──────── RECORDS FOR THE EXERCISE

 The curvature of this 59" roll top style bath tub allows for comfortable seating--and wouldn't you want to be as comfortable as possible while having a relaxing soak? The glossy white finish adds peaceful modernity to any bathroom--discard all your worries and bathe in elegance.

────────────────
──────── RECORDS FOR THE EXERCISE

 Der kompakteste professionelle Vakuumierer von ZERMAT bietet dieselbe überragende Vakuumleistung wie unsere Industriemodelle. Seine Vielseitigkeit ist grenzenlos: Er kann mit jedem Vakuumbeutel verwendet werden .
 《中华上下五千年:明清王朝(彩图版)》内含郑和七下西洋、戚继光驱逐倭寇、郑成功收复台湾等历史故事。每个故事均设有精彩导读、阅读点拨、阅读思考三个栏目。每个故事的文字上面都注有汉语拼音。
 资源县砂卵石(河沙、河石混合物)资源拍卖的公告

────────────────

[AIM OF THE EXERCISE]
Return exactly, and only, the lines above starting at the line that contains "Der kompakteste professionelle" and ending at the line that contains "资源县砂卵石(河沙、河石混合物)资源拍卖的公告".

[SOLUTION]
 Der kompakteste professionelle Vakuumierer von ZERMAT bietet dieselbe überragende Vakuumleistung wie unsere Industriemodelle. Seine Vielseitigkeit ist grenzenlos: Er kann mit jedem Vakuumbeutel verwendet werden .
 《中华上下五千年:明清王朝(彩图版)》内含郑和七下西洋、戚继光驱逐倭寇、郑成功收复台湾等历史故事。每个故事均设有精彩导读、阅读点拨、阅读思考三个栏目。每个故事的文字上面都注有汉语拼音。
 资源县砂卵石(河沙、河石混合物)资源拍卖的公告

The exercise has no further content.